Black Power Fists Were Raised During NFL’s Opening Weekend
The first Sunday of the NFL season happened to be the fifteenth anniversary of 9/11, which meant flag waving and un-ironic appeals to American exceptionalism were up 15,000 percent. The visibly patriotic staging didn’t deter players from following Colin Kaepernick’s lead and protesting the national anthem, though. Throughout the day, they showed their support for the quarterback’s political statement right before the concussion spectacles commenced.

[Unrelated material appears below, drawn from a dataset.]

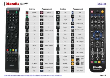 A document is included to help you use the new remote control easily, showing the button correspondence.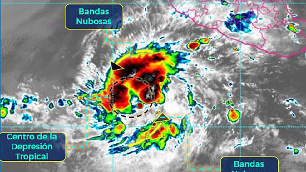 Hasta la mañana de este lunes la depresión tropical Dos-E se encontraba al suroeste de Michoacán, con bandas nubosas reforzando el aporte de humedad hacia Jalisco, Colima, Michoacán y Guerrero.

The first protest was one of the blackest: While his teammates linked arms before their game against the San Diego Chargers, Kansas City Chiefs cornerback Marcus Peters raised a black power fist while wearing a black glove, evoking Tommie Smith and John Carlos’ Black Power salute during the 1968 Olympic Games. Before kickoff, Peters spoke about his support of Kaepernick. “I’m 100 percent behind him,” he said. “I feel that what was going on in law enforcement, it does need to change. It does need to change for all, equal opportunities for everybody, not just us as black Americans.”
Marcus Peters of the Chiefs, raising his fist during anthem. Dissent – especially in this NFL climate, – is brave. pic.twitter.com/VaGNS5pD45
— Dave Zirin (@EdgeofSports) September 11, 2016
Later, the gesture popped up again: The New England Patriots’ Martellus Bennett and Devin McCourty followed suit before their night game against the Arizona Cardinals.
Here are Martellus Bennett and Devin McCourty raising their fists for the National Anthem. Patriots, both. pic.twitter.com/rDilAEaCUj
— Robert Klemko (@RobertKlemko) September 12, 2016
The Miami Dolphins didn’t throw up the fist, but Arian Foster, Jelani Jenkins, Kenny Stills, and Michael Thomas followed Kaepernick’s lead by kneeling during the National Anthem before their game against the Seattle Seahawks. Foster, one of the league’s more outspoken running backs, defended doing the symbolic gesture during 9/11.
“It’s not about a knee, it’s not about the [symbolism], it’s about the message,” Foster said. “They say it’s not the time to do this, but when is the time?”